##### RECORDED INFORMATION #####
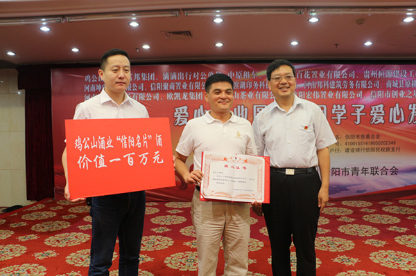 据悉,为了帮助这些孩子们实现人生梦想,共青团信阳市委积极倡议和组织此次活动,得到了全社会爱心团体、爱心企业和爱心人士的大力支持, 鸡公山酒业为此次活动提供了价值百万元的“鸡公山名片”酒用于义卖活动,在发布会现场,共有17家爱心企业参与认购,金额总计82.1万元。此外,还有一些爱心人士匿名参加了此次义卖活动。本次活动的所有款项将全部进入市慈善总会的账户,由慈善总会转交团市委用于2017希望工程圆梦助学行动。
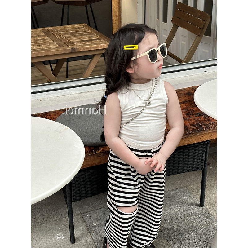 女童夏装两件套宝宝洋气儿童个性潮牌韩版网红纯色背心条纹阔腿裤
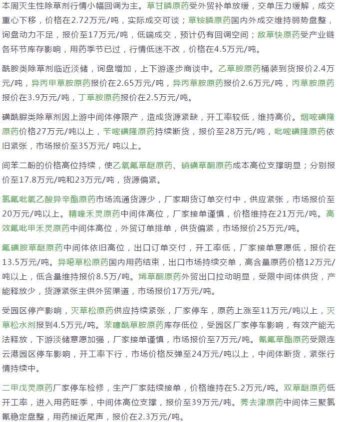7月份國內農藥原藥除草劑市場行情走勢
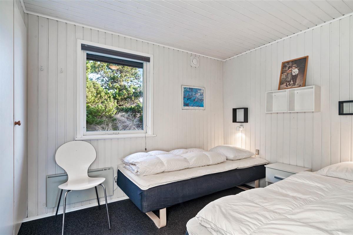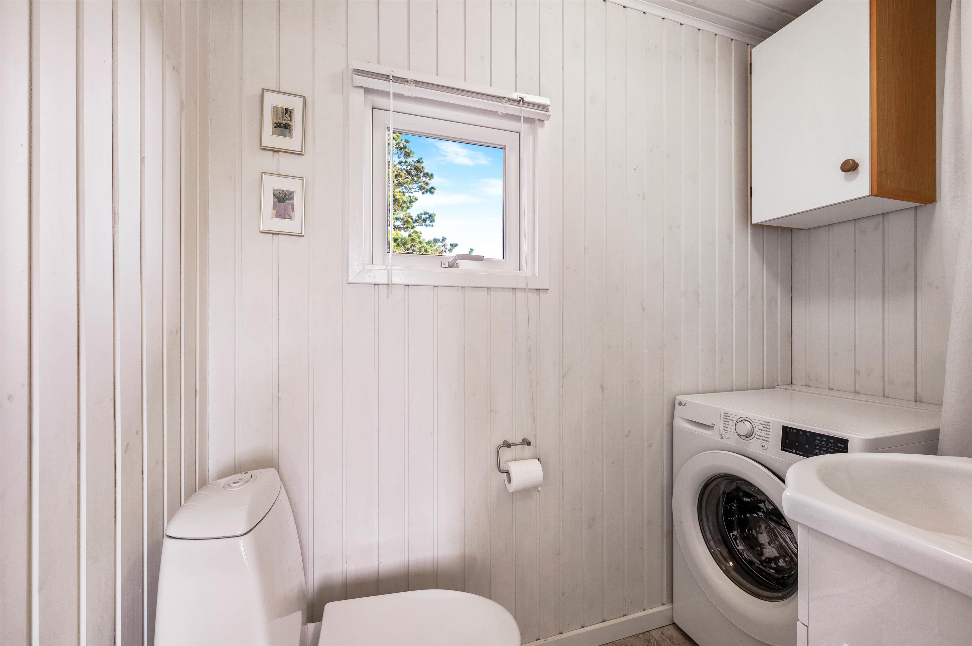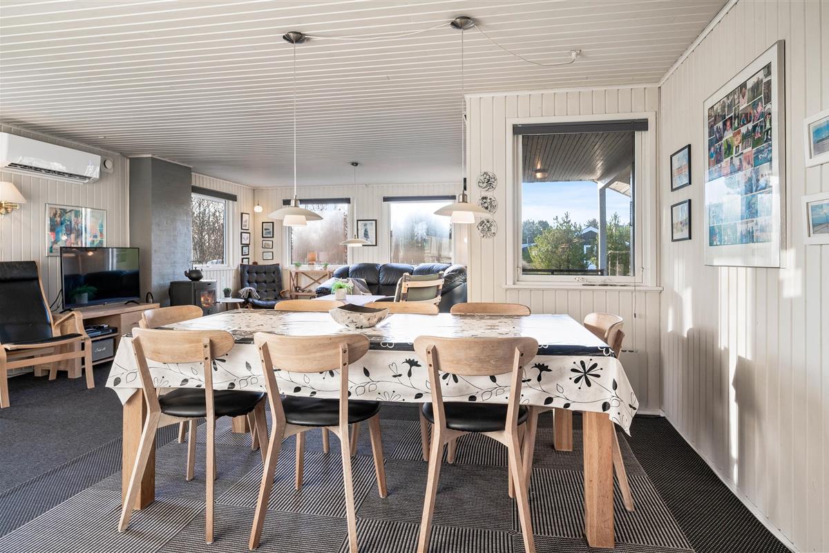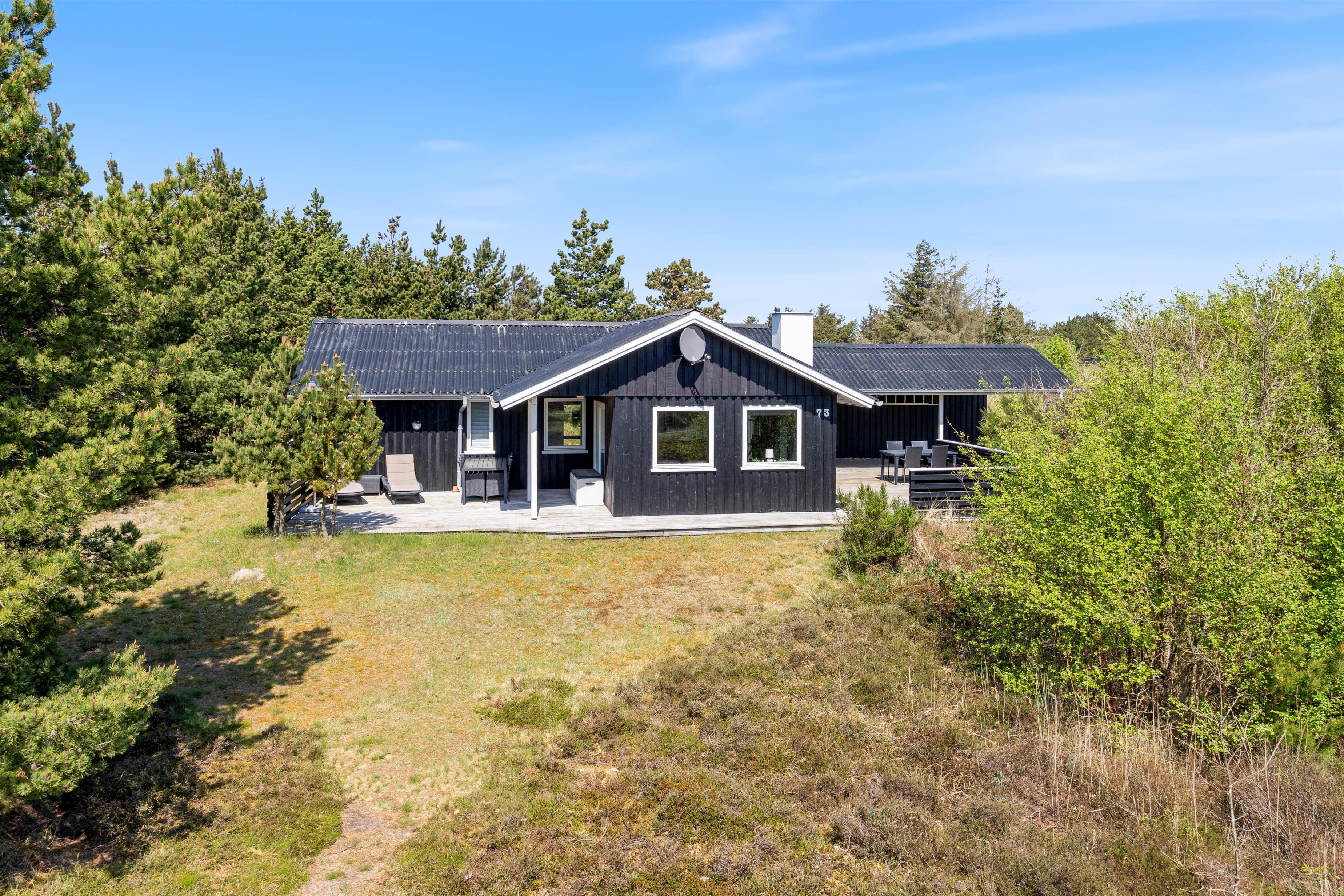 The holiday home enjoys a quiet location at the end of a cul-de-sac, surrounded by the beautiful nature of the Danish North Sea coast. The private terrace is furnished with garden furniture and offers several sheltered spots, perfect for enjoyable barbecue evenings. Children will love the play tower with slide, sandpit and swing.
#####
=== EXERCISE ===
Take the lines from the one that contains "女童夏装两件套宝宝洋气儿童个性潮牌韩版网红纯色背心条纹阔腿裤" down to the last line of the listing above, both included, and set them down exactly, leaving out pictures.

=== ANSWER SECTION ===
 女童夏装两件套宝宝洋气儿童个性潮牌韩版网红纯色背心条纹阔腿裤
7月份國內農藥原藥除草劑市場行情走勢
 The holiday home enjoys a quiet location at the end of a cul-de-sac, surrounded by the beautiful nature of the Danish North Sea coast. The private terrace is furnished with garden furniture and offers several sheltered spots, perfect for enjoyable barbecue evenings. Children will love the play tower with slide, sandpit and swing.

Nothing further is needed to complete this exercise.